* **Brief**:
Beneath this line are entries. Copy the range from the line with "Roy Carrión (JuanGiner)" to the line with "Il totale dei", ends included, exactly; leave pictures out.

Records for processing Start Marker

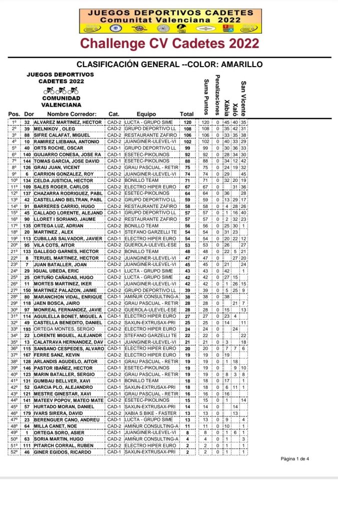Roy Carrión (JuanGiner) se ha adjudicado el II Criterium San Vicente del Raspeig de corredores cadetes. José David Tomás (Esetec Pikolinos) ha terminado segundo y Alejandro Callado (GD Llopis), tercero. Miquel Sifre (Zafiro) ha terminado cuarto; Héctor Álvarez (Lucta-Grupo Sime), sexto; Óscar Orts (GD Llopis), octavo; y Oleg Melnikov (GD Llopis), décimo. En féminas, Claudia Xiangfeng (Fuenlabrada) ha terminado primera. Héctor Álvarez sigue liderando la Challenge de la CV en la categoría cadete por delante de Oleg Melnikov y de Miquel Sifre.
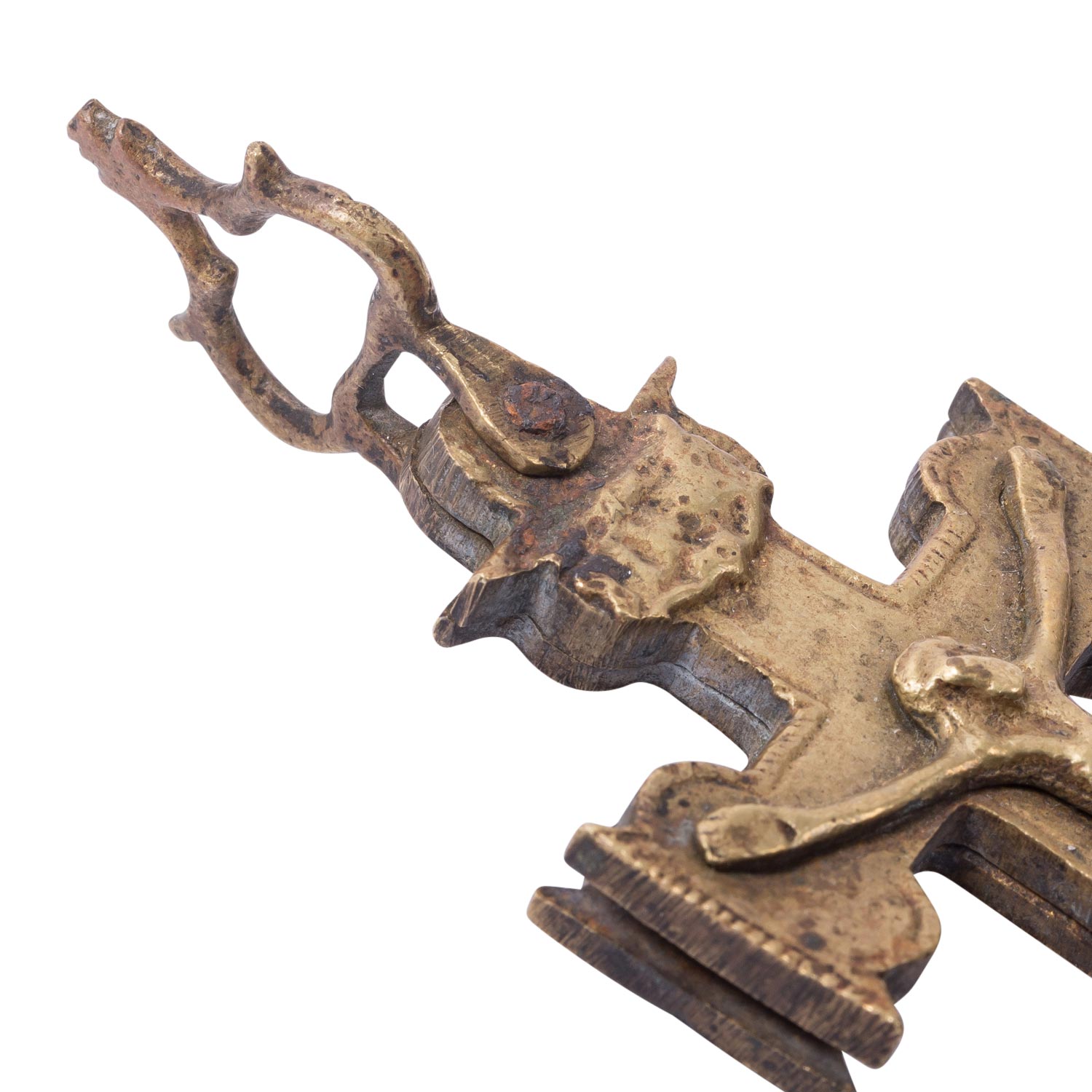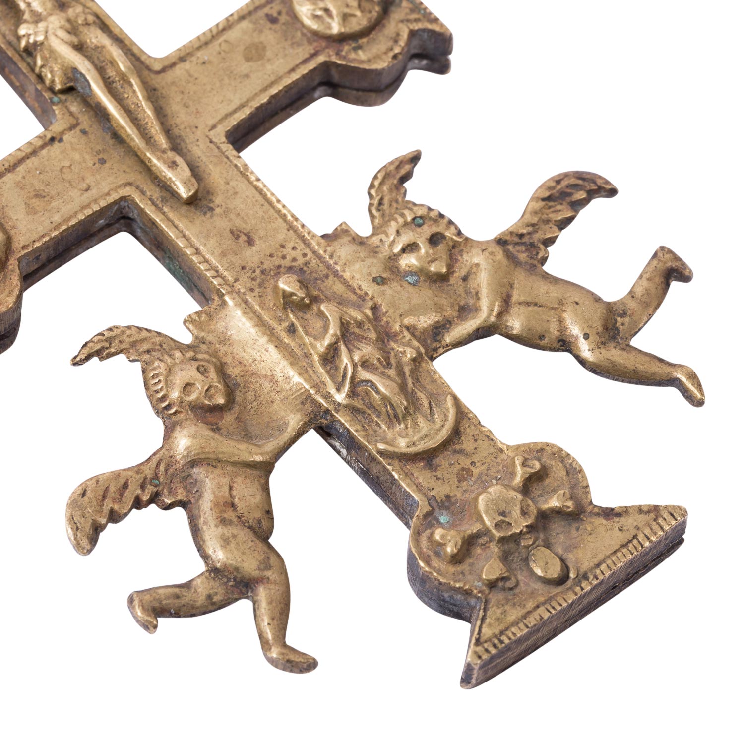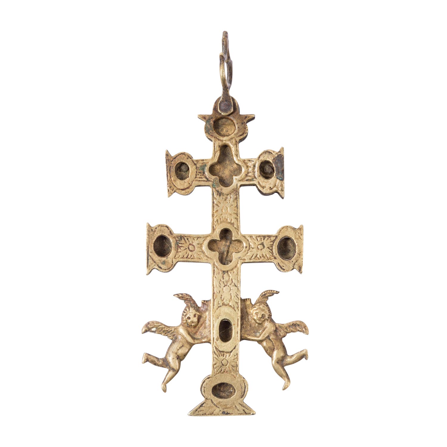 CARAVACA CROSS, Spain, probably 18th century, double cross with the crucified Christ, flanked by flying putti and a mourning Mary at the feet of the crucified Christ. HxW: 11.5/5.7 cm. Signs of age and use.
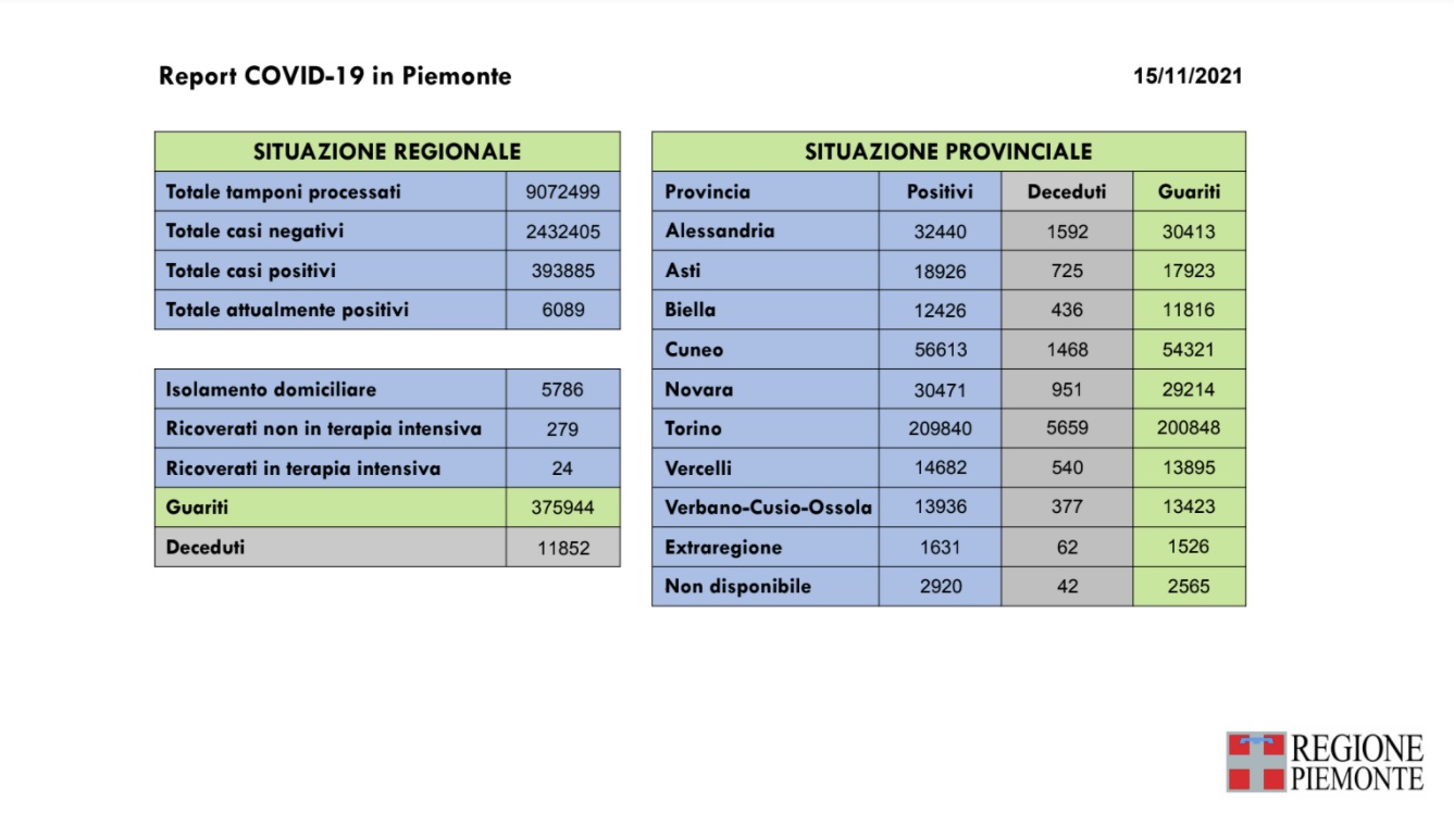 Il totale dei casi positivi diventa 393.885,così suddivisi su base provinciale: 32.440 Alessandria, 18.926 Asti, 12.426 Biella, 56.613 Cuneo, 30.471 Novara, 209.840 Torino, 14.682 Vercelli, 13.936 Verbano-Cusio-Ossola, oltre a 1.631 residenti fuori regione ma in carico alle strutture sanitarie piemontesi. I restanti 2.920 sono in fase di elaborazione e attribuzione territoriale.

Records for processing End Marker
Records for processing Start Marker

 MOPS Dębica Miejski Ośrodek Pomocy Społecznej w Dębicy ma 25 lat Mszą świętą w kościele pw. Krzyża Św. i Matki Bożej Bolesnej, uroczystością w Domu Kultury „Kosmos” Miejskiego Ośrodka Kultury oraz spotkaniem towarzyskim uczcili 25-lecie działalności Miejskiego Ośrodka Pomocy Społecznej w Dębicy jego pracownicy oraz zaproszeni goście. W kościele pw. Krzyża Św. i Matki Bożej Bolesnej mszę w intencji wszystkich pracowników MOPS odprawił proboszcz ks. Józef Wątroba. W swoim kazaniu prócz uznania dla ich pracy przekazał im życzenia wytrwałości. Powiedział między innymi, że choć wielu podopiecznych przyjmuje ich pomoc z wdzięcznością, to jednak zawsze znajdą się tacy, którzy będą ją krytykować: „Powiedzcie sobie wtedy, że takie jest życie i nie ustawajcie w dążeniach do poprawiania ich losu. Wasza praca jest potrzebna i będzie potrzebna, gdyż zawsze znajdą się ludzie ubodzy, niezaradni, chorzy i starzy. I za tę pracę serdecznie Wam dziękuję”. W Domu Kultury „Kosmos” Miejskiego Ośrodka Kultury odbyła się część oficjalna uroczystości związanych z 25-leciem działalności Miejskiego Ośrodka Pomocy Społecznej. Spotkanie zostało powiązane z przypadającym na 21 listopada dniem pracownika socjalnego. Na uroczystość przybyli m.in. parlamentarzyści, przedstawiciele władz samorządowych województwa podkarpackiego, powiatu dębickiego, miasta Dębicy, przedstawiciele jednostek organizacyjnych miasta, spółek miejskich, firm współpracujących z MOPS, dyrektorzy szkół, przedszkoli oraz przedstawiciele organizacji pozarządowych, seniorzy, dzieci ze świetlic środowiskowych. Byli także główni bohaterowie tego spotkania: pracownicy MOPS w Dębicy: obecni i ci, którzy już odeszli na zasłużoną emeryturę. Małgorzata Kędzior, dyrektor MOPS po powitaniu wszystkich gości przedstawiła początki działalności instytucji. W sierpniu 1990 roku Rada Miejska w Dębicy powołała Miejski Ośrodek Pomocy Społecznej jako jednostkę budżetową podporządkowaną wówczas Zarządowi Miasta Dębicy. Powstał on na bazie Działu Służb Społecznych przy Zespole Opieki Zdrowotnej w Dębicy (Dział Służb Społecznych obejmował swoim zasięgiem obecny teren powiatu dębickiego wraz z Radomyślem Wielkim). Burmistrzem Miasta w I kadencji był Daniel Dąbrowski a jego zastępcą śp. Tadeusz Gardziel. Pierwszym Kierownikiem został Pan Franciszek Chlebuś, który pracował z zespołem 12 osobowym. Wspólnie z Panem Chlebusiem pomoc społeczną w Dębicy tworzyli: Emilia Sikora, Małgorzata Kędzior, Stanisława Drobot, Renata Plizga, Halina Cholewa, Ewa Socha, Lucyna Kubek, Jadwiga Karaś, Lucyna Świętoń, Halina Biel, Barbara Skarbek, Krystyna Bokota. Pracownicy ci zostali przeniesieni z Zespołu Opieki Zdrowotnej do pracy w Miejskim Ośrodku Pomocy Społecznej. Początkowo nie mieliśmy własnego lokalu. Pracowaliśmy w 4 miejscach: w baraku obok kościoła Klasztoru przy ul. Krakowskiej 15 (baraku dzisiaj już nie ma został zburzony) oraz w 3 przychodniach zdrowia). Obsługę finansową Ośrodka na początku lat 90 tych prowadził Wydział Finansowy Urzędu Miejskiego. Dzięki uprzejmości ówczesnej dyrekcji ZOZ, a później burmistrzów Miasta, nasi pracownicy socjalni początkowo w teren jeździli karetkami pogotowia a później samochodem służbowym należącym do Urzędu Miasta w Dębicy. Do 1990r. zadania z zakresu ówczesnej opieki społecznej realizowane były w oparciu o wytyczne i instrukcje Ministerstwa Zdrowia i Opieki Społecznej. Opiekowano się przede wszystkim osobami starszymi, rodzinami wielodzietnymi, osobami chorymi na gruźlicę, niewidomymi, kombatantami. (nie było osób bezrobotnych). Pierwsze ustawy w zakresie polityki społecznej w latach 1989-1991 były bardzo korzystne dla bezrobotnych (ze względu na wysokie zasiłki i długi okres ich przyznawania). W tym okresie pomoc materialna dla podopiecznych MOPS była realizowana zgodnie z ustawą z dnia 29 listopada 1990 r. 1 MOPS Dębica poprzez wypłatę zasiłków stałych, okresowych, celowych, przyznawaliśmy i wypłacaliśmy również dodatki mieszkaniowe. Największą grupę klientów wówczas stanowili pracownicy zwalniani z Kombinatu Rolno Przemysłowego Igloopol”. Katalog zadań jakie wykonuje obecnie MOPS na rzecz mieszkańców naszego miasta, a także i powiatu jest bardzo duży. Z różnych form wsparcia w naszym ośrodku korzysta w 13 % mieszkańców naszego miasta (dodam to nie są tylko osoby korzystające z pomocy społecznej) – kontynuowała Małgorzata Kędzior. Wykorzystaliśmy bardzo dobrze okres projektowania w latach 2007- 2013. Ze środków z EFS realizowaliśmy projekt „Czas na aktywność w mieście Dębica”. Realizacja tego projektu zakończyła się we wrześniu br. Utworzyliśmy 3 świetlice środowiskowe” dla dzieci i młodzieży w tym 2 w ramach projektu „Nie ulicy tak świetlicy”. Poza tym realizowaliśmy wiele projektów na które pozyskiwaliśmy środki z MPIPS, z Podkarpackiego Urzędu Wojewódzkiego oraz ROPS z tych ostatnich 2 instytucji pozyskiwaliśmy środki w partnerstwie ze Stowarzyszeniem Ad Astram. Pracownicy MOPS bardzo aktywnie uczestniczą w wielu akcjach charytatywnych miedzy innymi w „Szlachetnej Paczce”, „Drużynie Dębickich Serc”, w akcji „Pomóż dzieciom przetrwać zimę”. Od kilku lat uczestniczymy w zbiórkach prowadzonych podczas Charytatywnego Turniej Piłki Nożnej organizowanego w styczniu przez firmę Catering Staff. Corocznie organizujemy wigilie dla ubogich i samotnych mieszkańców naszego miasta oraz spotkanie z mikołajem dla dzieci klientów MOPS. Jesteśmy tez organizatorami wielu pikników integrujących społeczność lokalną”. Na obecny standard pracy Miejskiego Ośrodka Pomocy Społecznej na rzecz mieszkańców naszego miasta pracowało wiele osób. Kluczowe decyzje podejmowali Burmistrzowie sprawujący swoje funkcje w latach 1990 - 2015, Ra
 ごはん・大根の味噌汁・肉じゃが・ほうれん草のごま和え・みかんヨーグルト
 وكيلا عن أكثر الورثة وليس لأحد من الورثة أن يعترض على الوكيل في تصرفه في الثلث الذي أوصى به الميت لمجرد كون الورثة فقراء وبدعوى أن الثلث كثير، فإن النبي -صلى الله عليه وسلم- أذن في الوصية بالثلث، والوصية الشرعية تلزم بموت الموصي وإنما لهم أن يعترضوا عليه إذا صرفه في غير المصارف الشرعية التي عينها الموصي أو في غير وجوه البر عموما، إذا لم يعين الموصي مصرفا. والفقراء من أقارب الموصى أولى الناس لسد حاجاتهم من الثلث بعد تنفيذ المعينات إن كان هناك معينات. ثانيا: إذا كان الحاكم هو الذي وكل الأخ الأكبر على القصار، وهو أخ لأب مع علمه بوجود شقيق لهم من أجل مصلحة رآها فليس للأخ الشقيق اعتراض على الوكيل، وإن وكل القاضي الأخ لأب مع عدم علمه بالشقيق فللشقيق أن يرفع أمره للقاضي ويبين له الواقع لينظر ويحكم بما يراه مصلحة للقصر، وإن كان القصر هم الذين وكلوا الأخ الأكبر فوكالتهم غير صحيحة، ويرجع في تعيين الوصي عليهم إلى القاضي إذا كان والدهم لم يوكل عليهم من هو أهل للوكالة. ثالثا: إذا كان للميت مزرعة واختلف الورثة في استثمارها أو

Records for processing End Marker

* **Response area**:
Roy Carrión (JuanGiner) se ha adjudicado el II Criterium San Vicente del Raspeig de corredores cadetes. José David Tomás (Esetec Pikolinos) ha terminado segundo y Alejandro Callado (GD Llopis), tercero. Miquel Sifre (Zafiro) ha terminado cuarto; Héctor Álvarez (Lucta-Grupo Sime), sexto; Óscar Orts (GD Llopis), octavo; y Oleg Melnikov (GD Llopis), décimo. En féminas, Claudia Xiangfeng (Fuenlabrada) ha terminado primera. Héctor Álvarez sigue liderando la Challenge de la CV en la categoría cadete por delante de Oleg Melnikov y de Miquel Sifre.
 CARAVACA CROSS, Spain, probably 18th century, double cross with the crucified Christ, flanked by flying putti and a mourning Mary at the feet of the crucified Christ. HxW: 11.5/5.7 cm. Signs of age and use.
 Il totale dei casi positivi diventa 393.885,così suddivisi su base provinciale: 32.440 Alessandria, 18.926 Asti, 12.426 Biella, 56.613 Cuneo, 30.471 Novara, 209.840 Torino, 14.682 Vercelli, 13.936 Verbano-Cusio-Ossola, oltre a 1.631 residenti fuori regione ma in carico alle strutture sanitarie piemontesi. I restanti 2.920 sono in fase di elaborazione e attribuzione territoriale.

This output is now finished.